- _TASK DIRECTIONS_:
Will you write out the data exactly, excluding every picture?
==== DATA PROVIDED
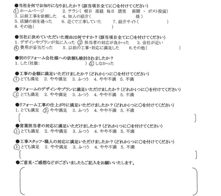 リフォーム工事の仕上がりに満足いただけましたか?
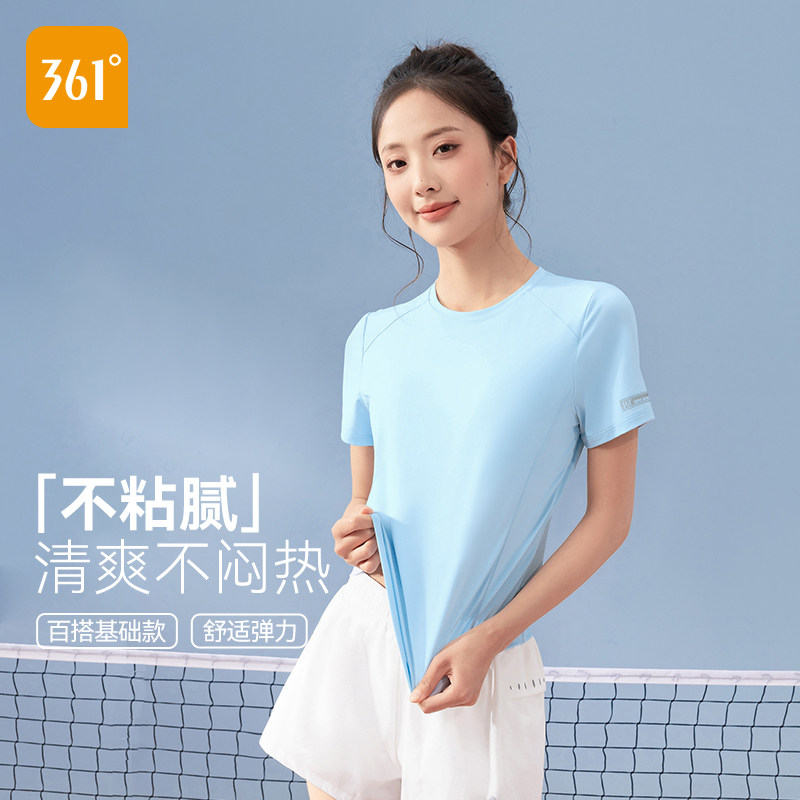 361运动上衣短袖t恤女2026新款瑜伽服蓝色夏季跑步训练透气健身服
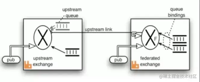 Federation Exchanges,可以看成Downstream从Upstream主动拉取消息,但
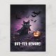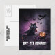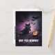 Una postal divertida para Halloween. Un gatito gatito vestido de vampiro espeluznante con murciélagos por todas partes. Una manera divertida de enviar un lindo saludo humorístico para la festividad.
========
- _SOLUTION TO THIS PROBLEM_:
 リフォーム工事の仕上がりに満足いただけましたか?
 361运动上衣短袖t恤女2026新款瑜伽服蓝色夏季跑步训练透气健身服
 Federation Exchanges,可以看成Downstream从Upstream主动拉取消息,但
 Una postal divertida para Halloween. Un gatito gatito vestido de vampiro espeluznante con murciélagos por todas partes. Una manera divertida de enviar un lindo saludo humorístico para la festividad.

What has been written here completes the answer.